> What the exercise asks
Using the data that follows, output only the lines from the line with "An older woman" up to and including the line with "Kanyó a mindent", exactly, leaving pictures aside.
=== Input for this task ===
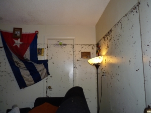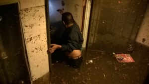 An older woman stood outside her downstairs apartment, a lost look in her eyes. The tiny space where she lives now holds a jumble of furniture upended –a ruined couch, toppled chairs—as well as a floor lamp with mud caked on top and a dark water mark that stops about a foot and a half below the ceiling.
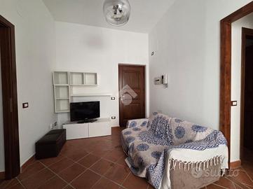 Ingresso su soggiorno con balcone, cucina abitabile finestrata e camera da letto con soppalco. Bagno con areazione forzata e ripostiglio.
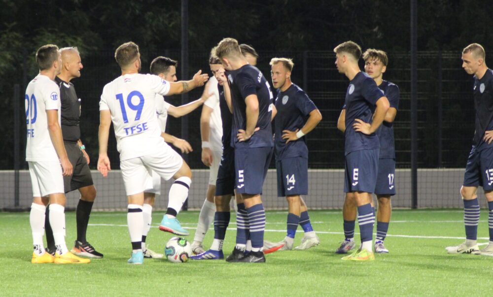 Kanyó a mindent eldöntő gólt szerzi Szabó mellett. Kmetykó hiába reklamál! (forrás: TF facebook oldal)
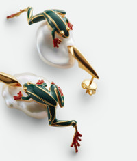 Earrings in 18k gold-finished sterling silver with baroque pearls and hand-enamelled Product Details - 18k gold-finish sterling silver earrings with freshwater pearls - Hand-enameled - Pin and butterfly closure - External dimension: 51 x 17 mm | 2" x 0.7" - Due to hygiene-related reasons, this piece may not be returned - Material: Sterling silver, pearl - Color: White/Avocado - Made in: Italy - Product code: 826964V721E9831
===
=== Input for this task ===
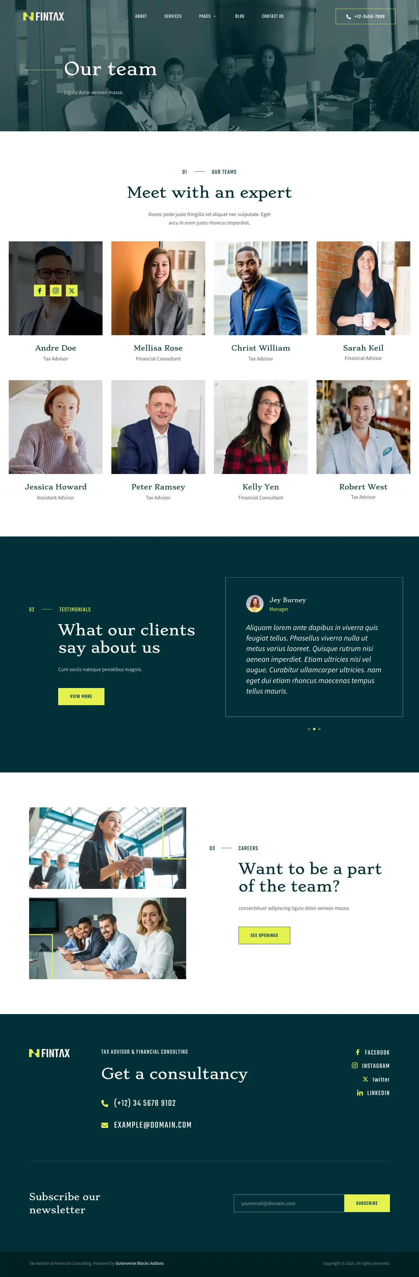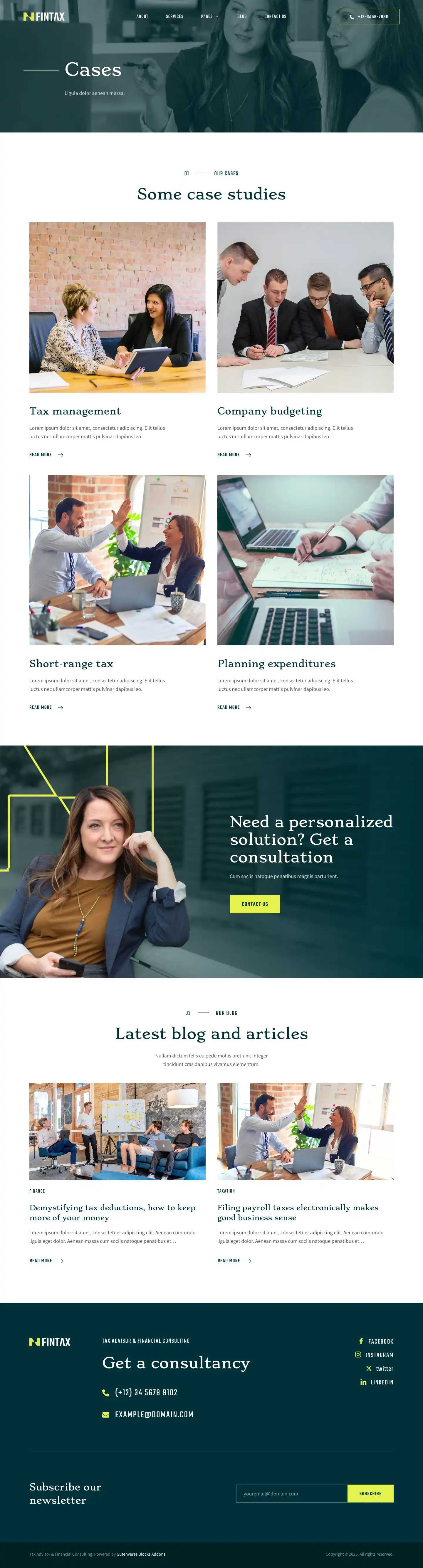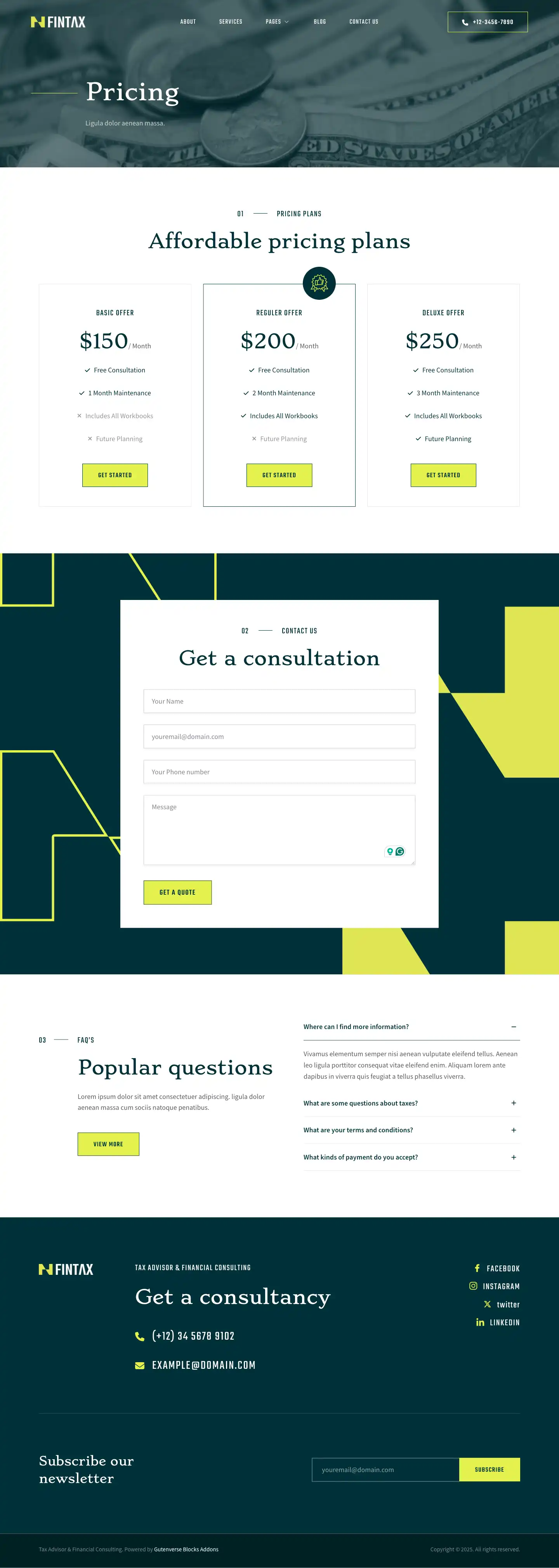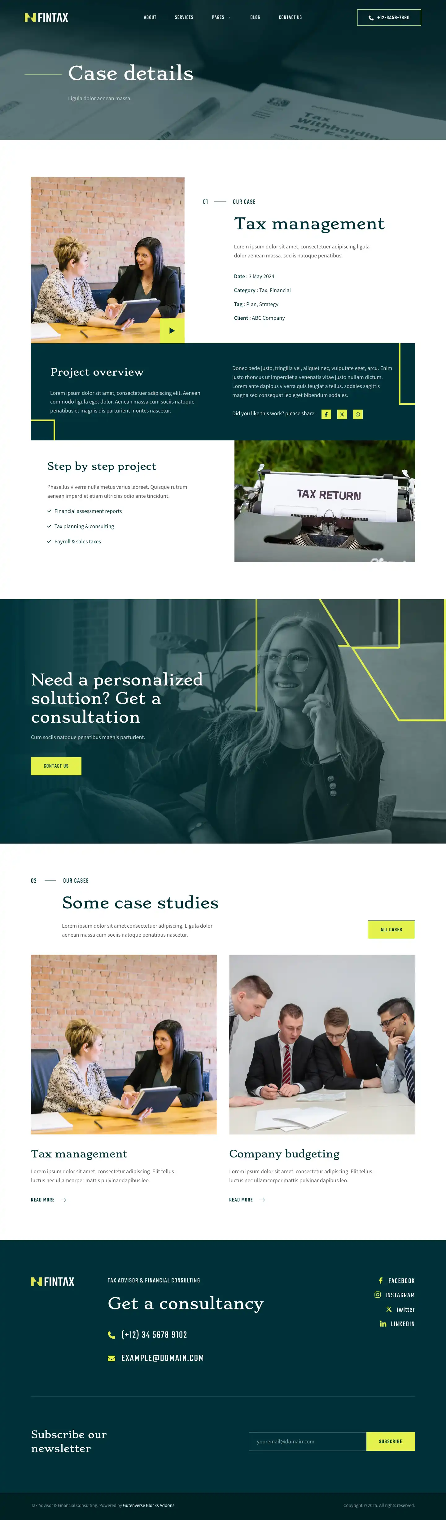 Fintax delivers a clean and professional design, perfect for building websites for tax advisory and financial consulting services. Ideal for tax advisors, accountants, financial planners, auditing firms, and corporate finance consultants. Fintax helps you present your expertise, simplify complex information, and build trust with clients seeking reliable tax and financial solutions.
===
=== Input for this task ===
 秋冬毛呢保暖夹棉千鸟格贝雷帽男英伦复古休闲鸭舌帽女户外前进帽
===
> Exercise solution
 An older woman stood outside her downstairs apartment, a lost look in her eyes. The tiny space where she lives now holds a jumble of furniture upended –a ruined couch, toppled chairs—as well as a floor lamp with mud caked on top and a dark water mark that stops about a foot and a half below the ceiling.
 Ingresso su soggiorno con balcone, cucina abitabile finestrata e camera da letto con soppalco. Bagno con areazione forzata e ripostiglio.
 Kanyó a mindent eldöntő gólt szerzi Szabó mellett. Kmetykó hiába reklamál! (forrás: TF facebook oldal)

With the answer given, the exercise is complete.